Integrate the System with Existing Operations: Integrate the customer segmentation system with existing hotel systems to streamline operations and enhance guest services. This will enable a more efficient and personalized guest experience, ultimately improving overall customer satisfaction.
Ensure Continuous Monitoring and Refinement: Establish a process for continuous monitoring of the model’s performance and a plan for periodic retraining. This will ensure the model remains effective and accurate over time, accounting for changes in guest behavior and market trends.

Technical Overview

image info

Model Development: SageMaker’s built-in K-Means algorithm was used for guest segmentation. Multiple models were trained with k values from 2 to 7.
Data Preprocessing: The dataset was cleaned by removing outliers from the adr column (values above the 99th percentile) and null values from the number_of_adults_and_children column. Categorical features like customer_type and distribution_channel were one-hot encoded into numerical values for the algorithm. The preprocessed data was formatted as a NumPy array of type ‘float32’ for SageMaker.
Model Optimization: The optimal number of clusters (k) was determined using both the Elbow Method and the Silhouette Method to balance the number of clusters with model variance and data point fit.

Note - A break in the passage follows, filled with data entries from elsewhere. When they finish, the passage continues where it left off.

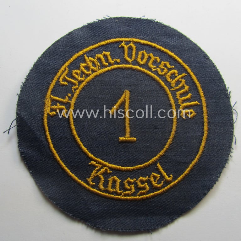 This is an attractive - and actually scarcely encountered! - HJ ('Hitlerjugend'- ie. 'Flieger-HJ'-) related and/or circular-shaped so-called: specialist-armbadge (or: 'Schulabzeichen') depicting the text: 'Techn. Vorschule d. Luftwaffe - 1 - Kassel' and that comes in an overall nice- (I deem issued albeit simply never used- nor once tunic-attached-), condition. These neat circular-shaped arm-badges signified membership within one of the technical preparatory-airforce-schools (or institutes). The badge on offer here shows membership within such a school based in the town of Kassel: there were several of these youth training-institutes - it is said that 32 of such schools existed! - that mostly functioned under the direction of one the larger air-craft industrial companies (such as: 'Focke Wulf', 'Messerschmitt' and others). The neat badge - executed in golden-yellow-coloured (linnen-based) stitching onto a blue-coloured- and/or linnen-based background - shows in its centre a larger-sized '1'-numeral and is void of an extra backing: it just shows some minimal age and/or staining (as can be noticed on the pictures). These circular-shaped badges were instituted as late as 1944 and 'replaced' the until that date used armbands (ie. 'Ärmelstreifen') having a similar text. Simply a very attractive - and surely scarcely encountered! - youth-related arm-badge ie. 'HJ-Schulabzeichen'!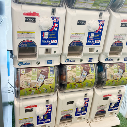 屋外の賑わいに対し、サザンテラスの向かい側のサザンタワーエントランスは室内の飲食スペースとして利用できました。ここには、サンリオキャラクター「HAPIDANBII(はぴだんぶい)」とコラボしたフォトスポットや、豆乳チャームが当たるガチャポンも設置されており、子どもたちは写真撮影やガチャポンを楽しんでいました。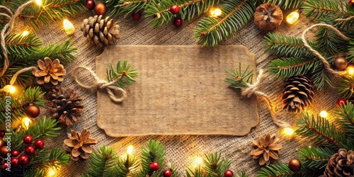 Rustic Christmas Background with Blank Paper Tag Surrounded by Evergreen Branches, Twinkling Lights, and Pine Cones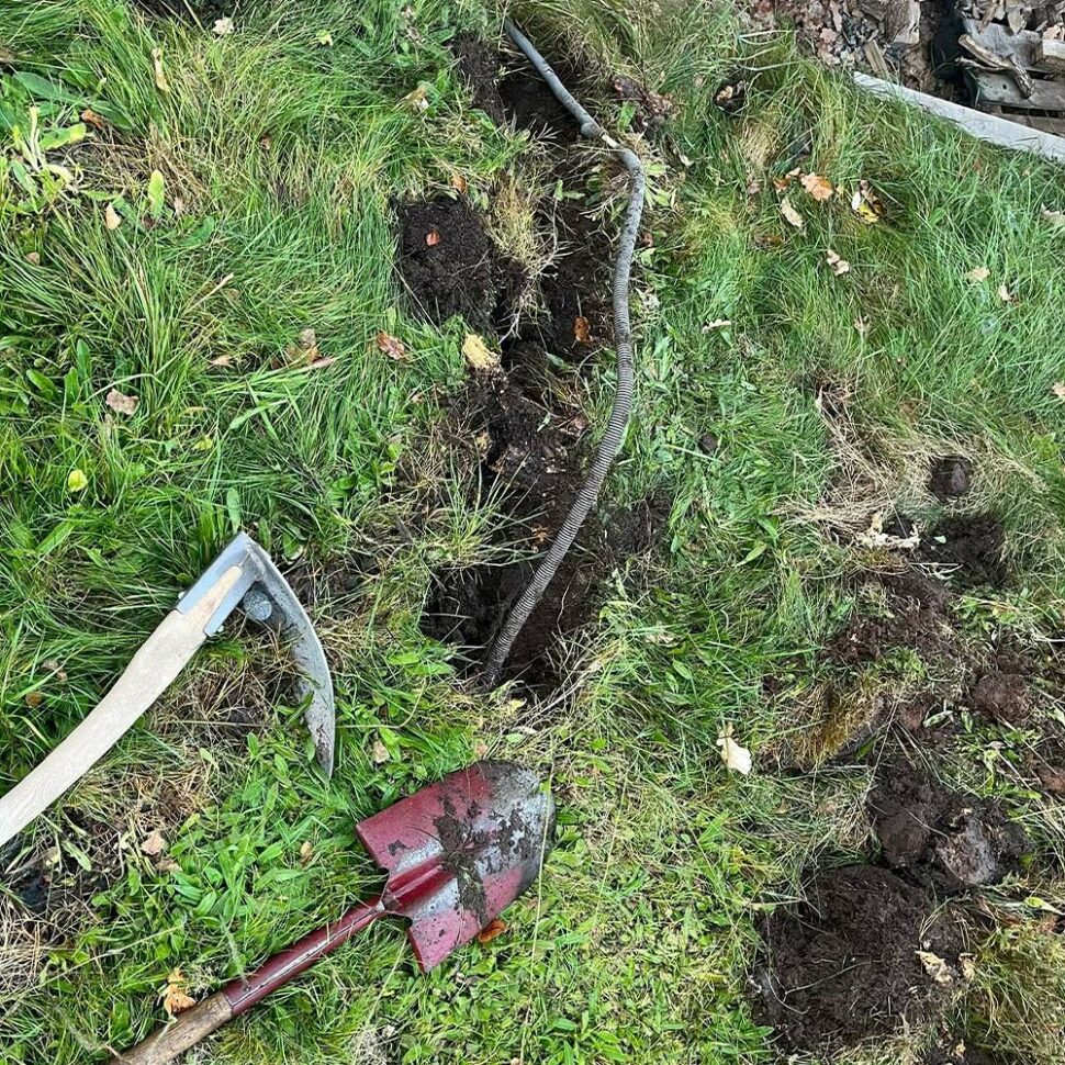 Han fick börja gräva fram matningen med spade och det visade sig att vatten hade runnit in i slangen och orsakat en kortslutning.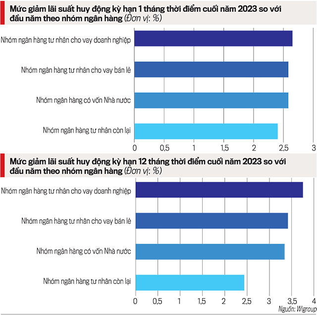 Năm 2023, tăng trưởng kinh tế và tăng trưởng tín dụng thấp dẫn đến các ngân hàng dư thừa thanh khoản, từ đó giảm áp lực trong việc huy động vốn.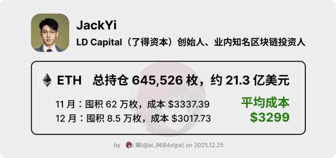 업데이트: @Jackyi_ld 님과 확인한 결과, 11월부터 보유한 ETH의 실제 비용은 약 3,150달러이며, 이는 현재 645,000 ETH에 대한 미실현 손실이 1억 4,300만 달러임을 의미합니다. 또한, 그는 향후 10억 달러 투자 이후 ETH의 평균 비용이 약 3,050달러 수준으로 안정될 것으로 예상한다고 밝혔습니다. 이 정보를 제공해 주셔서 감사합니다 🫡 twitter.com/ai_9684xtpa/status...

Hyperparameter tuning was performed using SageMaker’s HyperparameterTuner, which minimized the test:msd (mean squared distance) metric.
Model Deployment: The best-performing model was deployed to a SageMaker endpoint to enable real-time predictions for new customer data. A simple program was created to demonstrate how the deployed model could classify new customers by returning a cluster assignment and the distance to the centroid.

Caveats and Assumptions

Data Limitation: The analysis is based on the provided hotel_bookings_2.csv dataset, and its findings are limited by the scope and quality of this data. While cleaning steps were taken, any unaddressed biases or limitations in the original data may impact the conclusions.
Business Context: The financial projections assume a 10-room property with a baseline occupancy rate of 50%. These numbers serve as a proof-of-concept and may need to be adjusted based on the specific hotel’s size and current performance metrics.
External Factors: The analysis does not account for unforeseen external factors, such as economic downturns, changes in travel trends, or other market disruptions, which could impact hotel occupancy and revenue.
Feature Availability: The effectiveness of the model relies on the availability and accuracy of the specified features (lead time, adr, length of stay, etc.) in real-time hotel systems.